** WORK INSTRUCTION **
Word for word, give the records again, dropping any picture they hold.

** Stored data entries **
--------------------------------

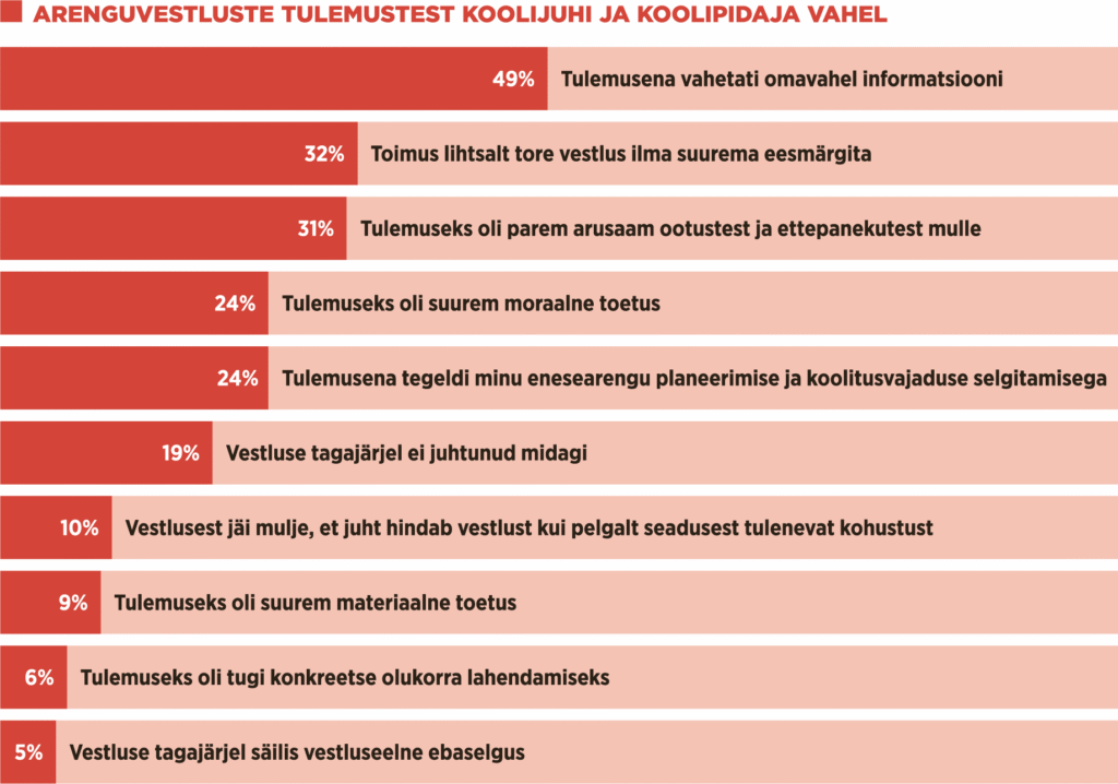 Umbes pooled koolijuhid märkisid, et on käinud viimase aasta jooksul koolipidajaga arenguvestlusel, kuid vestluste tulemuslikkust hinnati tagasihoidlikult (vt joonist). Kõige sagedamini toodi välja, et vestlusest kujunes info vahetamine või üldine jutuajamine konkreetsete kokkulepeteta. Kolmandik juhte leidis, et arenguvestlus oli tore vestlus suurema eesmärgita.
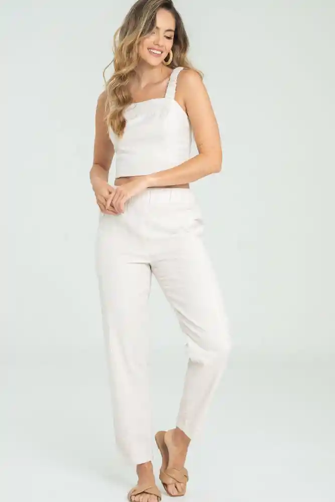 Pantalón en tejido plano fondo entero tipo lino,pretina enresortada con elástico de 5cms, cortes tanto en delantero como en posterior, bolsillos con boca redonda que va desde el delantero hasta el posterior, tobillero, ruedo de 2cms, silueta semi ajustada
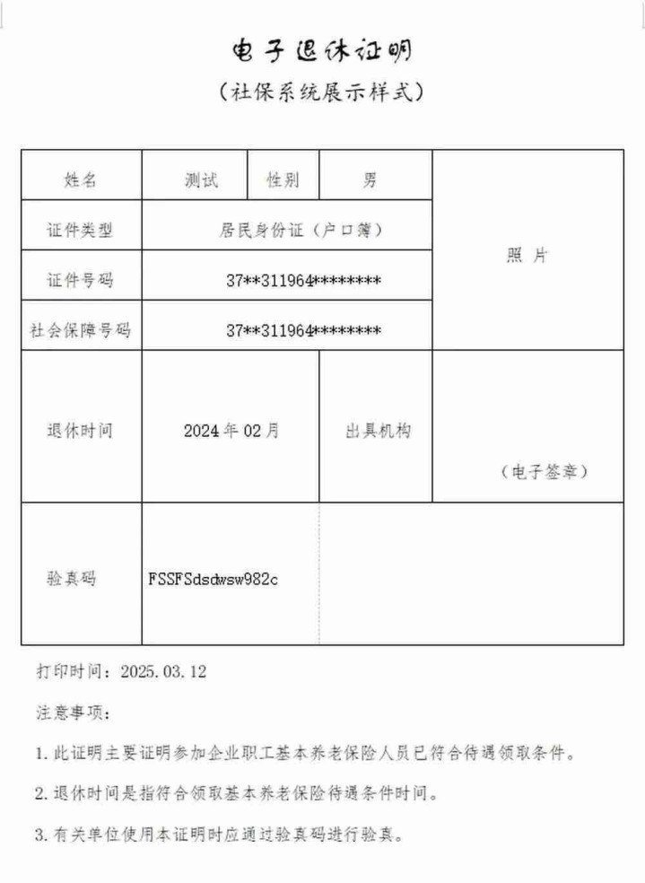 按照《山东省人民政府关于印发山东省数字政府建设实施方案的通知》要求和全面推动“无证明之省”建设工作部署,山东省企业职工电子退休证明(省本级)已正式启用。养老保险省直管企业退休人员可通过山东省社会保险公共服务平台、“爱山东”APP、社会保险自助服务终端等申领电子退休证明。具体操作如下:
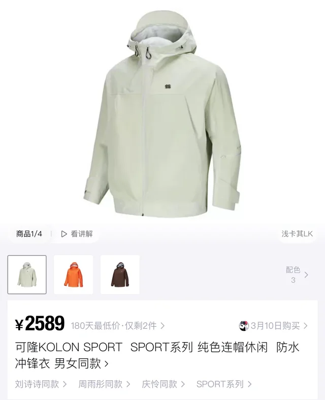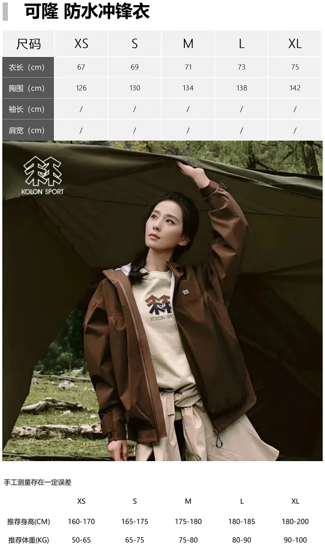 “Kolon可隆Sport系列纯色休闲连帽冲锋衣外套男女同款”
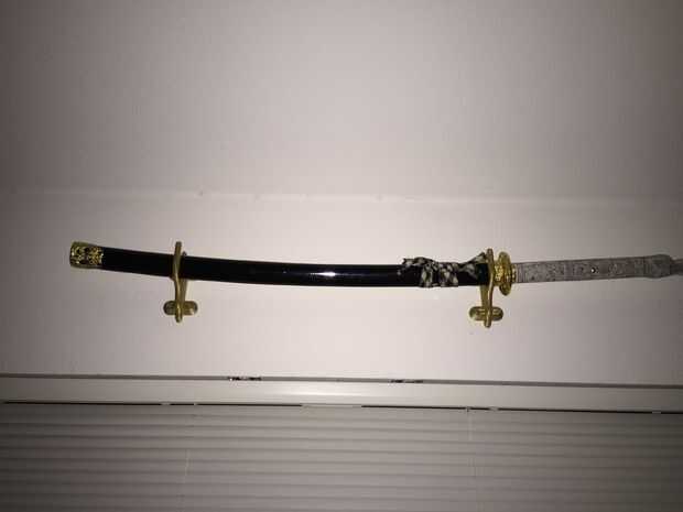 Puede imprimir una katana de un archivo, pero este es metal. Sin embargo, necesitaba una manera de visualizarlo correctamente, así que imprimí los soportes que busca, que están pintados en oro.
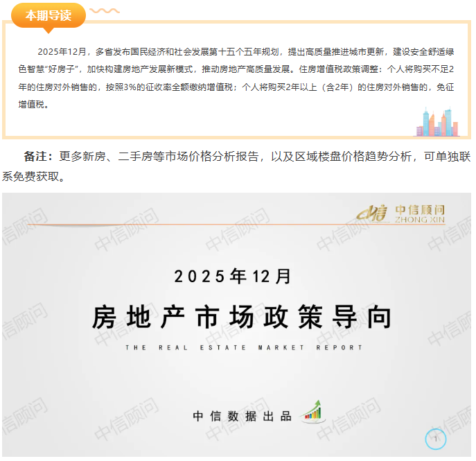 政策導向 | 2025年12月,多省發布國民經濟和社會發展“十五五”規劃,提出推動房地產高質量發展
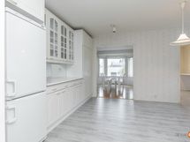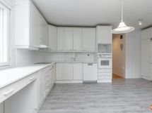 - Jääkaappipakastin, erillisuuni, liesitaso, keraaminen liesi, liesituuletin, astianpesukone, kaapistot, kiinteät valaisimet, pöytätasojen materiaali laminaatti. Keittiössä reilusti kaapistoja ja mukavasti laskutilaa. Keittiön yhteydessä on erillinen khh ja ruokailuhuone.
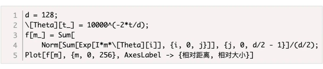 从图中我们可以可以看到随着相对距离的变大,内积结果有衰减趋势的出现。因此,选择 ,确实能带来一定的远程衰减性。当然,同上一篇文章说的一样,能带来远程衰减性的不止这个选择,几乎任意的光滑单调函数都可以,这里只是沿用了已有的选择而已。
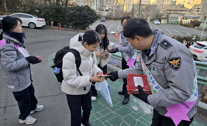 [광주=뉴시스] 류형근 기자 = 광주 남부경찰서와 자치경찰위원회가 8일 오전 광주 남구 동아여자중학교에서 졸업식 이후 발생할 수 있는 폭력·도박·약물 등 청소년 일탈 예방을 위한 홍보 활동을 하고 있다. (사진=광주 남부경찰서 제공). 2026.01.08. [email protected] *재판매 및 DB 금지
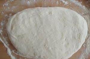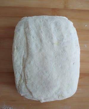發好的面團倒在案板上用手按平就好,千萬不要用手揉
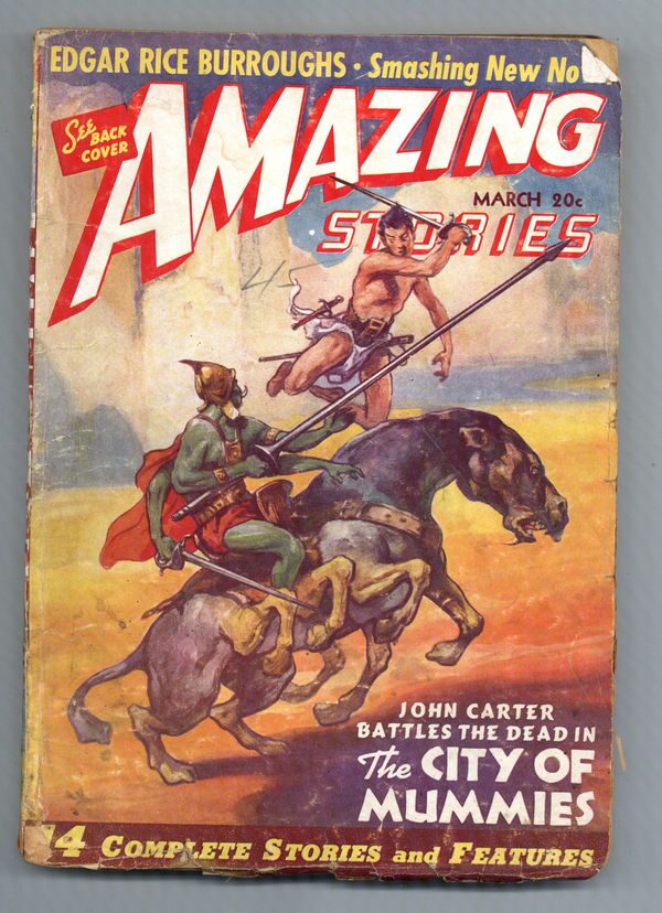 Volume 15, Issue 3 - March, 1941. John Carter cover by J. Allen St. John. Stories by Edgar Rice Burroughs (John Carter in "The City of Mummies"), David Wright O'Brien, John York Cabot, Manly Wade Wellman, John Beynon, James Norman, and Donald Bern. Illustrations by J. Allen St. John, Leo Morey, Jay Jackson, Guy Gifford, Joe Sewell, Julian S. Krupa, Dick Shaw, and Robert Fuqua. Back cover by Frank R. Paul. 7" x 10"; black and white with color cover; 148 newsprint pages. Cover price $0.20.
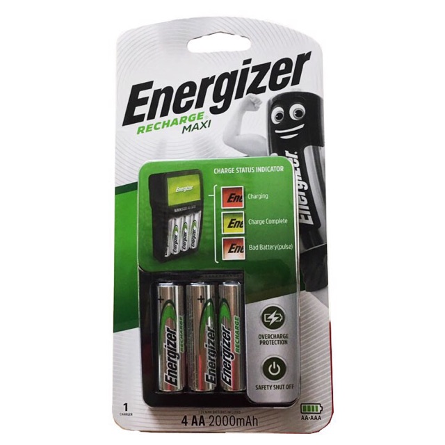Bộ Sạc Energizer Rechage Maxi bao gồm một máy sạc và 4 pin AA chính hãng công suất 2.000 mAh. Pin trong máy đã được sạc đầy pin khách hàng mua về sẵn dùng, khi pin báo yếu thì đem ra sạc đầy rồi sau đó tiếp tục dùng. Làm như vậy giúp kéo dài tuổi thọ pin.
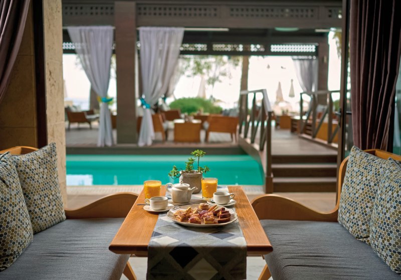 Die Anlage ist weitläufig angelegt und verbindet Gartenflächen mit Sonnenterrassen und Außenpools. Am Pool und Strand warten Liegen und Schirme; Strandpavillons sind buchbar. WLAN nutzt Ihr im gesamten Resort kostenfrei. Die Rezeption ist 24 Stunden besetzt, Concierge, Tour-Desk und Pagen-Service vereinfachen Planung und Transfers.
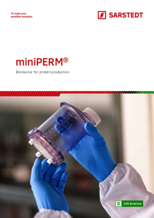 The miniPERM® is an easy-to-handle bioreactor which was developed for the cultivation of eukaryotic cells such as mammal cells, insect cells and plant cells in high density and therefore for biomass production and for the production of cell products. The sub-division of the bioreactor into production and nutrient modules and the rotating cultivation allow for the production of highly concentrated cell products in small volumes. Therefore, depending on the cell line, cell densities of more than 107 cells/ml and product concentrations of several mg/ml can be achieved. This means that the miniPERM® bioreactor is a cost-effective and time-saving alternative to conventional tissue and roller bottles and to fermentation systems.
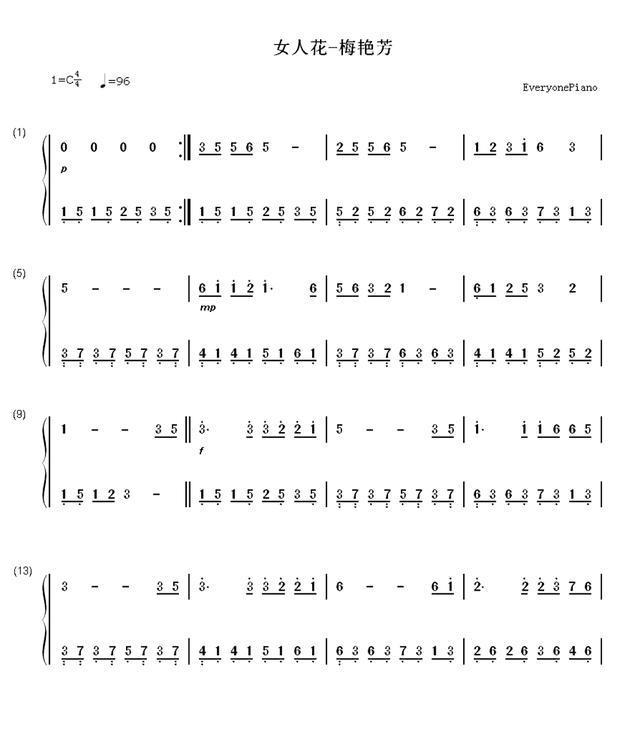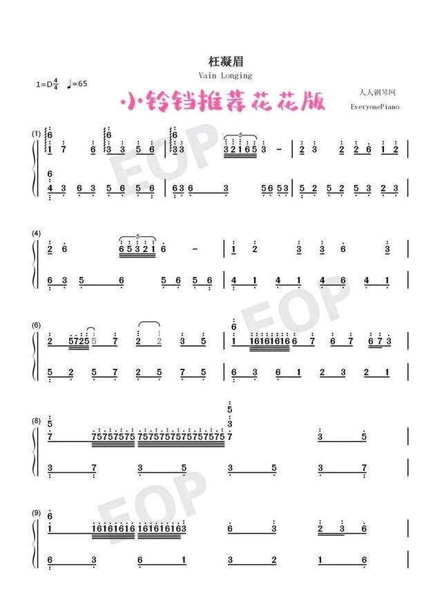 > 钢琴即兴简谱《枉凝眉》《女人花》
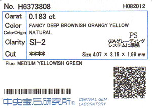 | カラー | Fancy Deep Brownish Orangy Yellow ( ファンシー・ディープ・ブラウニッシュ・オレンジー・イエロー ) |
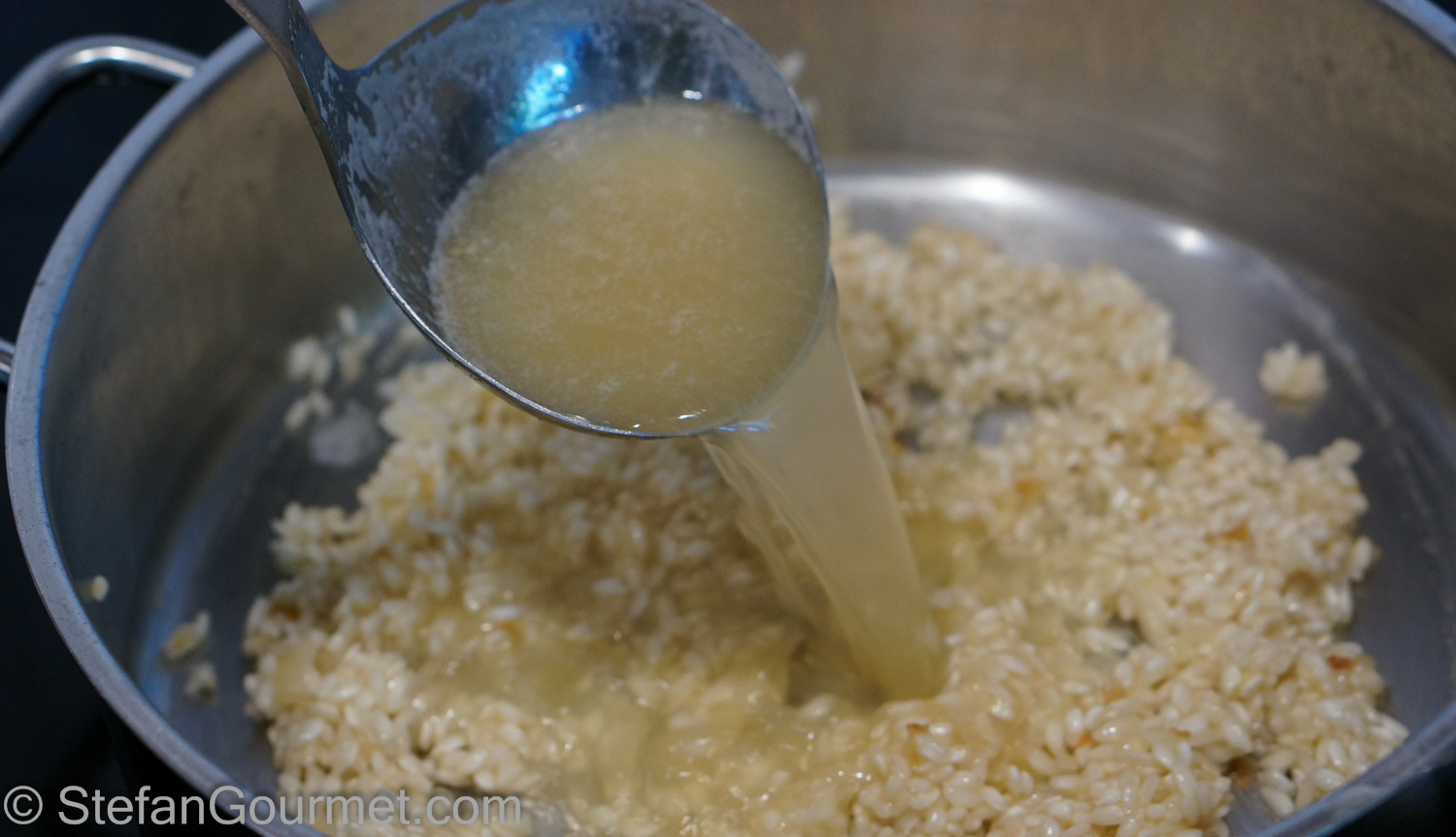 Add a ladle of stock and cook, stirring constantly, over medium heat until it has been absorbed. Keep adding stock ladle by lade and keep stirring until you have run out of stock. The rice should still be somewhat undercooked. Turn off the heat.

--------------------------------

** SOLUTION BELOW **
 Umbes pooled koolijuhid märkisid, et on käinud viimase aasta jooksul koolipidajaga arenguvestlusel, kuid vestluste tulemuslikkust hinnati tagasihoidlikult (vt joonist). Kõige sagedamini toodi välja, et vestlusest kujunes info vahetamine või üldine jutuajamine konkreetsete kokkulepeteta. Kolmandik juhte leidis, et arenguvestlus oli tore vestlus suurema eesmärgita.
 Pantalón en tejido plano fondo entero tipo lino,pretina enresortada con elástico de 5cms, cortes tanto en delantero como en posterior, bolsillos con boca redonda que va desde el delantero hasta el posterior, tobillero, ruedo de 2cms, silueta semi ajustada
 按照《山东省人民政府关于印发山东省数字政府建设实施方案的通知》要求和全面推动“无证明之省”建设工作部署,山东省企业职工电子退休证明(省本级)已正式启用。养老保险省直管企业退休人员可通过山东省社会保险公共服务平台、“爱山东”APP、社会保险自助服务终端等申领电子退休证明。具体操作如下:
 “Kolon可隆Sport系列纯色休闲连帽冲锋衣外套男女同款”
 Puede imprimir una katana de un archivo, pero este es metal. Sin embargo, necesitaba una manera de visualizarlo correctamente, así que imprimí los soportes que busca, que están pintados en oro.
 政策導向 | 2025年12月,多省發布國民經濟和社會發展“十五五”規劃,提出推動房地產高質量發展
 - Jääkaappipakastin, erillisuuni, liesitaso, keraaminen liesi, liesituuletin, astianpesukone, kaapistot, kiinteät valaisimet, pöytätasojen materiaali laminaatti. Keittiössä reilusti kaapistoja ja mukavasti laskutilaa. Keittiön yhteydessä on erillinen khh ja ruokailuhuone.
 从图中我们可以可以看到随着相对距离的变大,内积结果有衰减趋势的出现。因此,选择 ,确实能带来一定的远程衰减性。当然,同上一篇文章说的一样,能带来远程衰减性的不止这个选择,几乎任意的光滑单调函数都可以,这里只是沿用了已有的选择而已。
 [광주=뉴시스] 류형근 기자 = 광주 남부경찰서와 자치경찰위원회가 8일 오전 광주 남구 동아여자중학교에서 졸업식 이후 발생할 수 있는 폭력·도박·약물 등 청소년 일탈 예방을 위한 홍보 활동을 하고 있다. (사진=광주 남부경찰서 제공). 2026.01.08. [email protected] *재판매 및 DB 금지
發好的面團倒在案板上用手按平就好,千萬不要用手揉
 Volume 15, Issue 3 - March, 1941. John Carter cover by J. Allen St. John. Stories by Edgar Rice Burroughs (John Carter in "The City of Mummies"), David Wright O'Brien, John York Cabot, Manly Wade Wellman, John Beynon, James Norman, and Donald Bern. Illustrations by J. Allen St. John, Leo Morey, Jay Jackson, Guy Gifford, Joe Sewell, Julian S. Krupa, Dick Shaw, and Robert Fuqua. Back cover by Frank R. Paul. 7" x 10"; black and white with color cover; 148 newsprint pages. Cover price $0.20.
Bộ Sạc Energizer Rechage Maxi bao gồm một máy sạc và 4 pin AA chính hãng công suất 2.000 mAh. Pin trong máy đã được sạc đầy pin khách hàng mua về sẵn dùng, khi pin báo yếu thì đem ra sạc đầy rồi sau đó tiếp tục dùng. Làm như vậy giúp kéo dài tuổi thọ pin.
 Die Anlage ist weitläufig angelegt und verbindet Gartenflächen mit Sonnenterrassen und Außenpools. Am Pool und Strand warten Liegen und Schirme; Strandpavillons sind buchbar. WLAN nutzt Ihr im gesamten Resort kostenfrei. Die Rezeption ist 24 Stunden besetzt, Concierge, Tour-Desk und Pagen-Service vereinfachen Planung und Transfers.
 The miniPERM® is an easy-to-handle bioreactor which was developed for the cultivation of eukaryotic cells such as mammal cells, insect cells and plant cells in high density and therefore for biomass production and for the production of cell products. The sub-division of the bioreactor into production and nutrient modules and the rotating cultivation allow for the production of highly concentrated cell products in small volumes. Therefore, depending on the cell line, cell densities of more than 107 cells/ml and product concentrations of several mg/ml can be achieved. This means that the miniPERM® bioreactor is a cost-effective and time-saving alternative to conventional tissue and roller bottles and to fermentation systems.
 > 钢琴即兴简谱《枉凝眉》《女人花》
 | カラー | Fancy Deep Brownish Orangy Yellow ( ファンシー・ディープ・ブラウニッシュ・オレンジー・イエロー ) |
 Add a ladle of stock and cook, stirring constantly, over medium heat until it has been absorbed. Keep adding stock ladle by lade and keep stirring until you have run out of stock. The rice should still be somewhat undercooked. Turn off the heat.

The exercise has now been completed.